第5話 誓約
「…………ん? あっ、知らないのか! 外殻に無いのは本当だったんだな」
間を置いて、フェンは理解した。
「なんだ? 1人で納得していないで、教えてくれ」
「あ、うん。ごめん。内殻にだけ存在するαとΩの〈誓約〉って関係があるんだ」
彼の言う通り、外殻では一度も耳にしたことが無く、ベレクトはそのまま黙って説明を聞く。
「聖徒って代々その色を持つ人達と、外殻から召し上げられる人達とで別れるのは、知っているよな?」
「当然。島では常識だからな」
「前者は皇族と貴族。彼らは自分達の色だけでなく、次期当主であるαを残さないといけない。αは、αとΩから生まれる確率が若干高いが、生まれるとは限らない。聖徒でしかもΩは希少だから、確率を上げるために番でなくとも確保したいって彼らは考えた。でも、番でない以上は誰かから襲われる危険性がある」
「な、なんだ。そのおかしな考え……」
フェンの言う通り、αとΩとの間にはαの子供が産まれる確率が高い。しかし、時代を経る毎に様々な血が交じり合うようになり、今では番の間にもβが産まれるようになった。その逆として、βの間に低確率であるがαとΩが産まれるようにもなった。

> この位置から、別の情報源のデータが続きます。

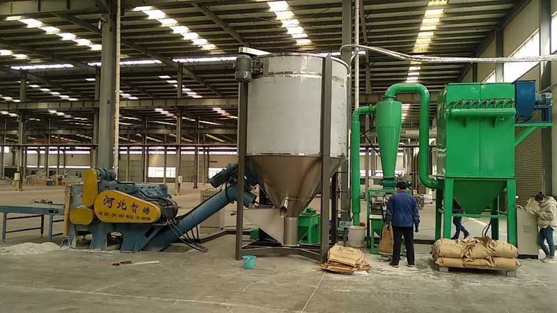 我公司是一家专业的磨粉设备厂家,结合多年经验、粉体行业现状,生产了全套优秀的磨粉设备,并为客户量身打造科学、合理的磨粉生产线。破碎磨粉生产线以磨粉为主,是由磨粉机(主机部分)、管道装置、破碎机、斗式提升机、电磁振动给料机、料仓、配电柜等设备构成,其工艺流程如下:大块物料经破碎机初步破碎至所需粒度后,由提料机自下往上的运送至料仓内由电磁振动给料机均匀、定量给入到磨粉机内研磨处理,粉磨后的细粉直接定量装袋。| 序号 | 名称 | 数量 | 配 置 | 备注 | |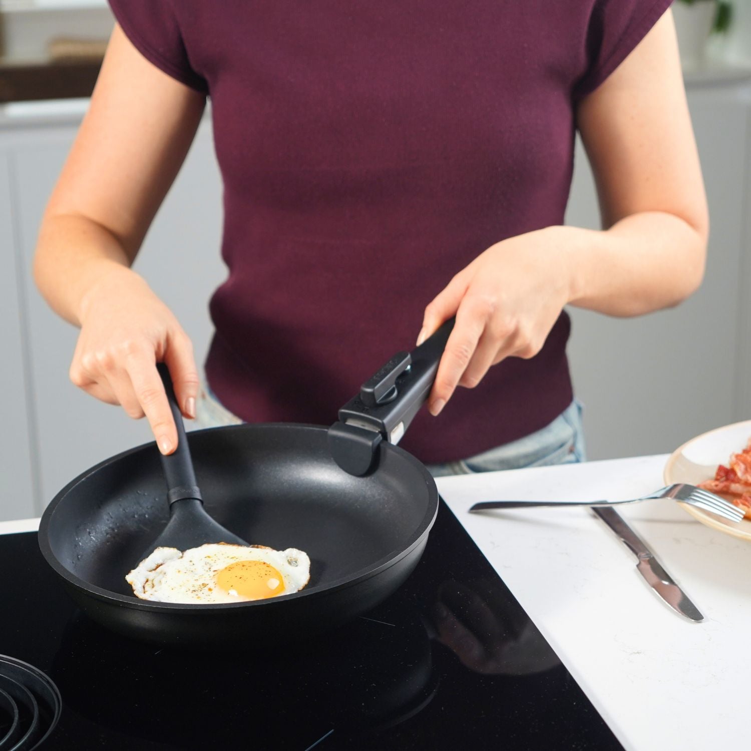 Der Boden besteht aus 4,5 mm recyceltem Aluminium, was für eine schnelle und gleichmäßige Wärmeverteilung sorgt. Dank der vollständig integrierten Edelstahlschicht für Induktion arbeiten die Pfannen besonders effizient auf Induktionskochfeldern, mit einer schnelleren Aufheizung, geringerem Energieverbrauch und optimaler Temperaturkontrolle.

αは総じて能力が高く、医療や薬の偉業は軒並み彼等だった。神殿側が欲する理由も理解できるベレクトだが、Ωの待遇が悲惨に思えた。
「言いたいこと分かるけど、国の象徴として強い立場が必要なんだ。そうでもしないと、聖徒の色を持った人達だけでなく、島自体を守れない。人身や臓器の売買……奴隷どころか歴史上だと、侵略者達によってαとβは宝玉抉られ装飾に、Ωの骨を粉末にして万能薬として売られた……なんて歴史が残されている位なんだ」
この島は城塞都市であり、入り組む町並みがそれを物語る。絶海の孤島であるが、それは何処の大陸とも中継地点として成り立つことを意味している。貿易や戦争のみならず、充分な水源と安定した気候、豊かな海産物や地底に眠る資源、拠点としてだけでなく定住するにも絶好の島だ。故に、多くの国々から侵略の魔の手に晒され続けた歴史がある。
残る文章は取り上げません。